How it’s used in physics: Sample video. When we introduce the students to constant velocity motion, we use the buggies to get them thinking about motion in terms of position and time. We’ll create graphs, data tables, and compute velocities. In my class, I like to set two teams head-to-head to predict a collision location. I provide the starting points on a number line. Pro-tip: Lay down pennies to mark the location at one second intervals.

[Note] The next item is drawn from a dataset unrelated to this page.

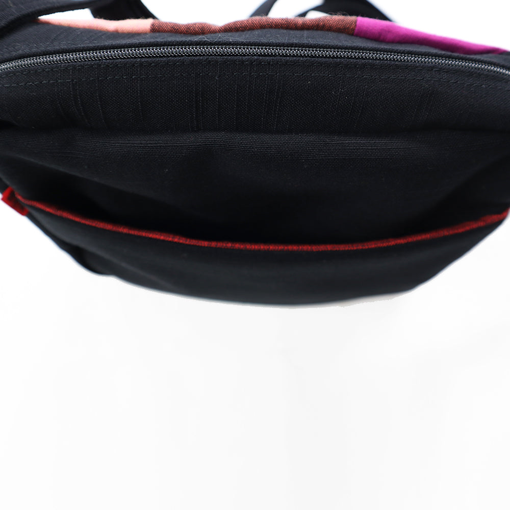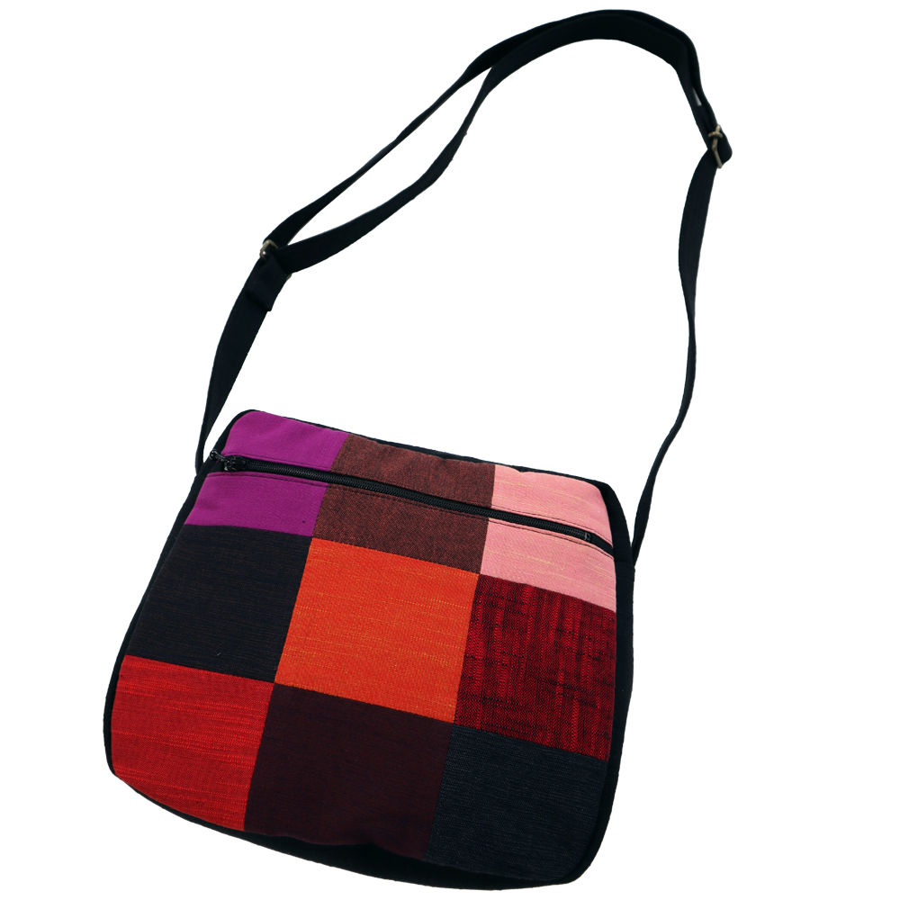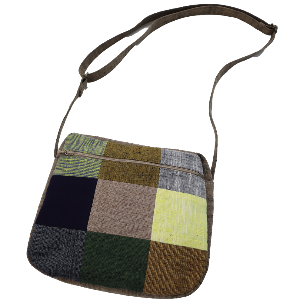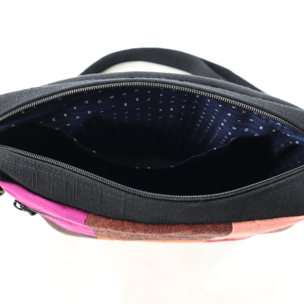9色の色とりどりの配色がカラフルで楽しいデザイン。前面のパッチワークのデザインにファスナーポケット、背面にカラー吹き出しのちらりポケット、中袋にパッチポケットの仕様になっています。長財布のはいるたっぷりしたサイズです。

How it can be used in math: I love to have students plot the Tumble Buggy motion using Desmos — I doubt your physics teacher is using Desmos. Warning! It’s gonna be too easy to step on your physics teacher’s toes with these — if they have the buggies, they use them for the same stuff you would, too.  Pro-tip: get a metronome app for your phone so that you can easily mark equal time intervals for observing motion.

Knots on a Rope

(all the love to Steph Reilly, @reilly1041, for this idea)

What this is: a piece of rope at least 3 meters long.

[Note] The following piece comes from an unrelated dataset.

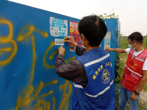 美化家園 你我同行 棲霞社區(qū)開展清理“牛皮癬”專項治理活動

How it’s used in physics: Tie an overhand knot in the rope and measure the new length. Collect data on number of knots in rope vs. length of rope. Plot length of rope vs. number of knots. Pay particular attention to the meaning of the y-intercept and slope.

How to use it in math: Please take this idea wholesale. It fits great in math class.

Motion Detectors

What this is: a sonic rangefinder that works by sending out high-pitched sound to locate the distance to an object. Sampling rates are pretty high, maybe 30 Hz, so you can track moving objects. Combined with software, the motion detector can produce graphs of position vs. time, velocity vs. time, and acceleration vs. time.

How it’s used in physics: Early in a course, students generally study how position, velocity, and acceleration are related. Students will sometimes perform graph matching labs where they’re given a graph and must move their own bodies in front of a motion detector to generate a matching graph. Sometimes, the motion detectors will come out again with carts that can roll down inclined planes and again with freely falling objects that fall down toward the detector.

How it could be used in math: The motion detector pairs nicely with Graphing Stories.

Inclined Plane

What it is: a track with grooves for carts to roll in (carts optional).

How it’s used in physics: all sorts of motion labs. This is quintessential physics equipment that nearly all labs will have in the closet. In a pinch, I’ve used wood molding purchased inexpensively at a home improvement store.

How you could use it in math: Get a marble or ball bearing. Release it from somewhere on the ramp and measure where it comes to rest. Repeat with a new starting point. Repeat.

Generate Quadratic Data

Motion Detectors

How it’s used in physics class: Be careful! Drop a ball so that it falls directly over the motion detector. We’ll put that data on a velocity vs. time graph. The slope of that graph acceleration (Δv/Δt). We’ll calculate the acceleration due to gravity. Some teachers might then switch to objects with significant air resistance but that’s rare.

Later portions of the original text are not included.